At the Saint-Astier Hospital, Chantal Chanel administered a lethal injection of potassium, prescribed by Dr Laurence Tramois, to this 65-year-old patient in the final stages of pancreatic cancer. Paulette Druais had entered the “Embellie” palliative care unit three weeks earlier, and had insisted on being treated by Dr Tramois. And for a very good reason. The latter is the older sister of her daughter-in-law, Sophie, who works as a nursing auxilliary in the same establishment. The three women were extremely fond of one another.

A situation that, in the eyes of the prosecution, prompted this case of positive euthanasia: “The professional judgements and reasoning of both the doctor and the nurse were clouded by the emotional context and the relationships surrounding the Paulette Druais case.” When Chantal Chanel entered the patient’s room on the night of 25 August, Paulette had been in a semi-coma for two days. Not that this brought her any relief from her suffering. Her internal organs ravaged by intestinal occlusions, the poor woman was vomiting her stools. Paulette herself had pleaded for “the next world”. The nurse received written instructions that were perfectly clear to her. First of all to increase the morphine dose, then to inject 7 grams of potassium into a drip. The injection is lethal and illegal. Chantal Chanel admitted to the police that she had “waited in vain for Dr Tramois”, who should have been present, but who never appeared. She also explained that she was convinced that the family “was informed of the situation”. This is substantiated by the fact that scarcely had the flow of the drip been regulated than Sophie Tramois, the patient’s daughter-in-law, arrived at Paulette’s bedside. The auxilliary nurse was to remain with her until her dying breath.

The right to “die with dignity”

However, the facts of the matter were rather different. Laurence Tramois admitted having taken the decision alone. It was not until two weeks later, following the exposure of these facts within the hospital – which went on to refer the matter to the police – that the doctor was to reveal the truth to the family. In a state of shock, the patient’s husband said: “It’s murder, and I don’t want to be an accomplice.” But the family very soon joined forces with the defendants: nobody has filed a private prosecution. Laurence Tramois justified her actions to the police: “This suffering no longer made any sense,” while refraining from claiming to be “pro-euthanasia”: “If Paulette hadn’t been Paulette, I would never have prescribed the potassium,” and the doctor stressed that she felt unable to carry out this act herself.
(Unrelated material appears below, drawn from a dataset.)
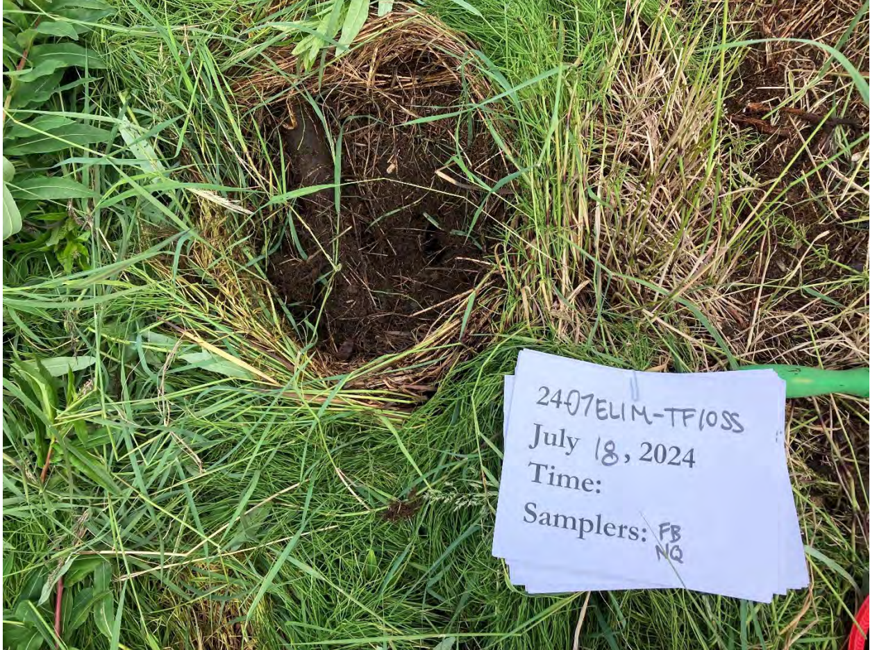
0718ELM24 – 2407ELIM-TF10SS, time: 2:30pm
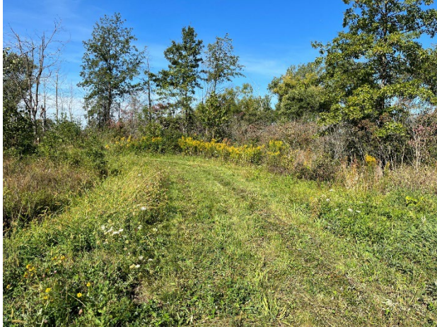
Hageman Unit that is now owned and maintained by Ottawa National Wildlife Refuge.

The hazardous substances migrated from landfills along the banks of the Ottawa River and industrial facilities in the watershed, contaminating water, fish, and wildlife in the Ottawa River. These landfills have been remediated under CERCLA, RCRA and CWA authorities by the US Environmental Protection Agency (EPA) and Ohio Environmental Protection Agency (Ohio EPA).

A sentiment that, in fact, dragged Chantal Chanel along with her into the witness box. However, solidarity is the order of the day. A solidarity driven by the certainty of having allowed the old lady to “die with dignity”, of having relieved her suffering and shortened her life by only a few hours. In fact, the examination of the medical records confirmed the desperate plight of Paulette Druais, whose prognosis was in any case very bleak and very short-lived. “The two are a united front”, commented Maître Pierre-Olivier Sur, the barrister for the nurse, who expected an acquittal.

Support for the accused

The announcement that the doctor and nurse were being sent for trial at the cour d’assises had arisen at the height of the public debate on the Vincent Humbert affair, which inspired the Loi Leonetti - the law establishing the right to “allow to die”. The previous Thursday, 2,000 medical professionals published a manifesto in the Nouvel Observateur in favour of the decriminalization of euthanasia, claiming to have helped patients to die, and declaring their support for the accused women. The very next day, the French palliative care organization – la Société française d’accompagnement et de soins palliatifs (SFAP) – launched a manifesto on the Internet against “the legalization of euthanasia”. The following Saturday, thirteen medical and literary figures had demanded that the case be postponed until after the electoral campaigns, complaining of “biased pressure” from pro-euthanasia groups and the exploitation of the trial. The debate is set to rage on beyond the doors of the courtroom.